The Wild West? Fill ’er up at Blenheim, where it says its goodbyes to State Highway 1, and hit the track, Jack.
The longest single highway in the country carves a track from the northeast of the South Island down the West Coast, across the Alps and then all the way to the bottom, pretty much. That’s a big road in a small land.
Is Great Coast Road, aka State Highway 6 better than Route 66? Take to the road and come to your own conclusions. And come to a handful of amazing little towns along the way, that used to be big towns until the gold mining dream went south. Well, went nowhere, really. But they’re reminders of the spirit that went into making a buck in this seemingly forsaken place.
‘Glaciers to my left, ocean to my right...’ is a pretty phenomenal way to drive.
What’s amazing about this long, lean laneway is that there really are no dull parts. It’s so varied.
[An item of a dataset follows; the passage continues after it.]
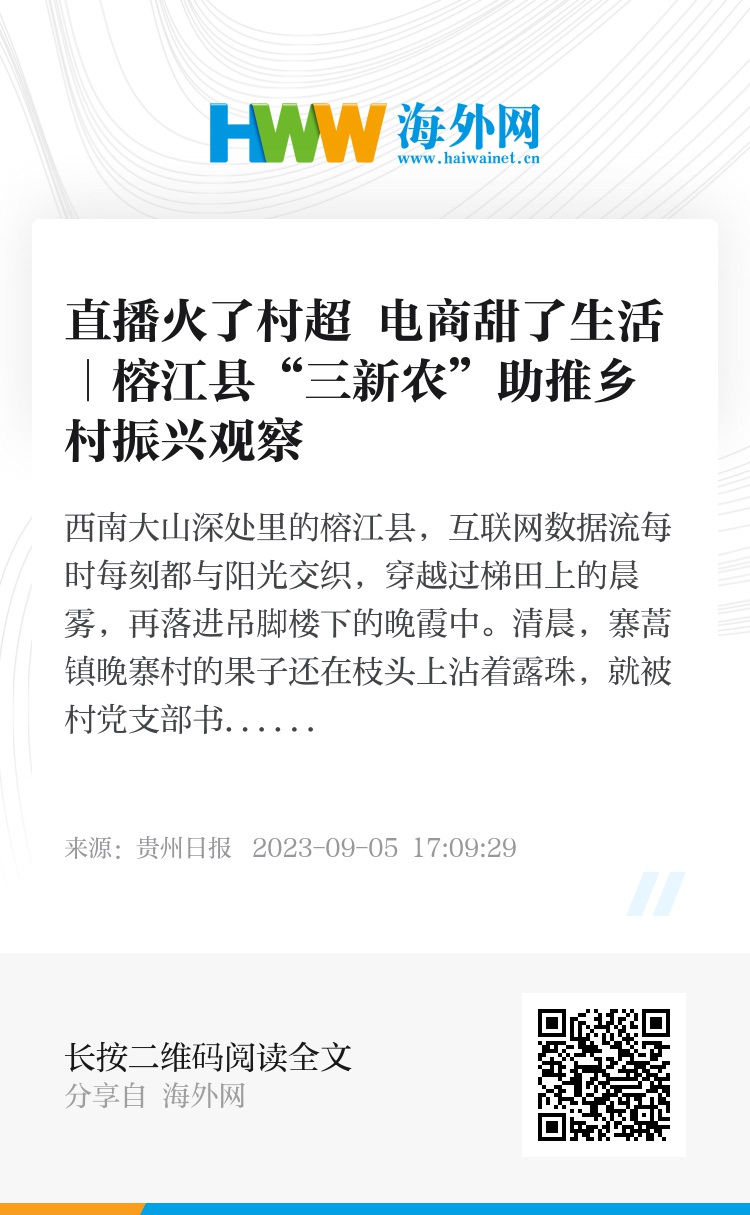 一部手机、一个视频、一场直播,不仅助推了村超火爆出圈,还可以把家乡的名优农特产品和旅游文化推向世界,这是当下榕江县“新农人”践行“三新农”而形成的新的生产方式和生活方式。

The wild winding of the Buller River squeezed out onto the coast away from those imposing mountains, then the spray of the Tasman Sea as you keep close to it for over 100km. The swing inland, across that seemingly endless bridge at Haast, then a change of scene as you hit the heights of the road into tussock country, then alpine country, windows up and make your way towards Wānaka and the scenic beauty of the Southern Lakes District. Then on through Southland, the land flattening out, the atmosphere new again, until you trundle into Invercargill.
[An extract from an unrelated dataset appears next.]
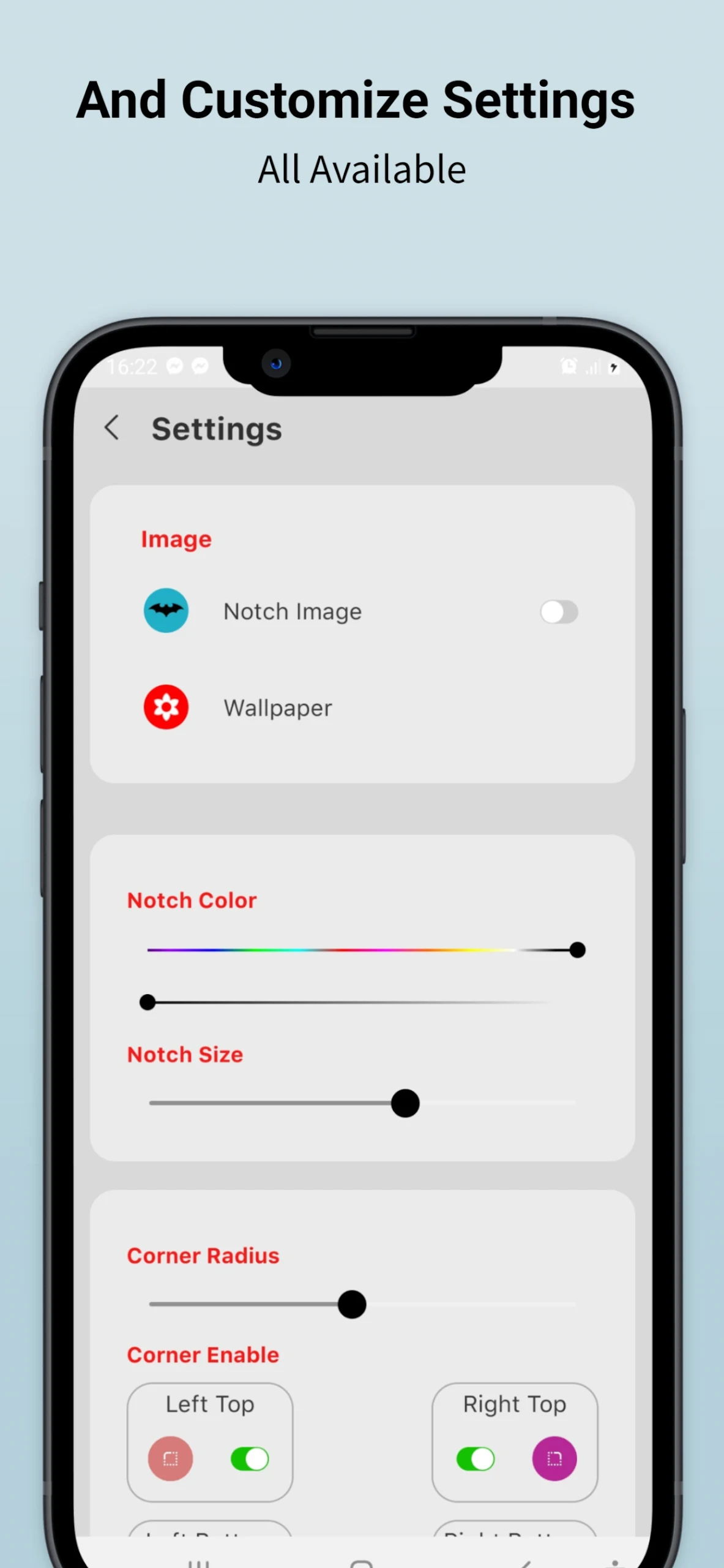 --The application features a user-friendly interface with settings that enable you to easily add a notch, mimicking the Phone X's style or opting for a cute design along with wallpapers.

But down the West Coast it’s at its magnificent best, always the Alps watching over you, and that stretch of ocean keeping you at bay with its surf spray, endless sweeps of driftwood-dotted beaches and a building and profound respect for the Tasman Sea and those who have plied it for reasons of commerce, craziness or both. Yep, let’s not beat around the (endless swathes of) bush, it’ll likely rain a fair bit, even in summer. But that’s the context, the atmos, the eerie uniqueness: that’s the West Coast.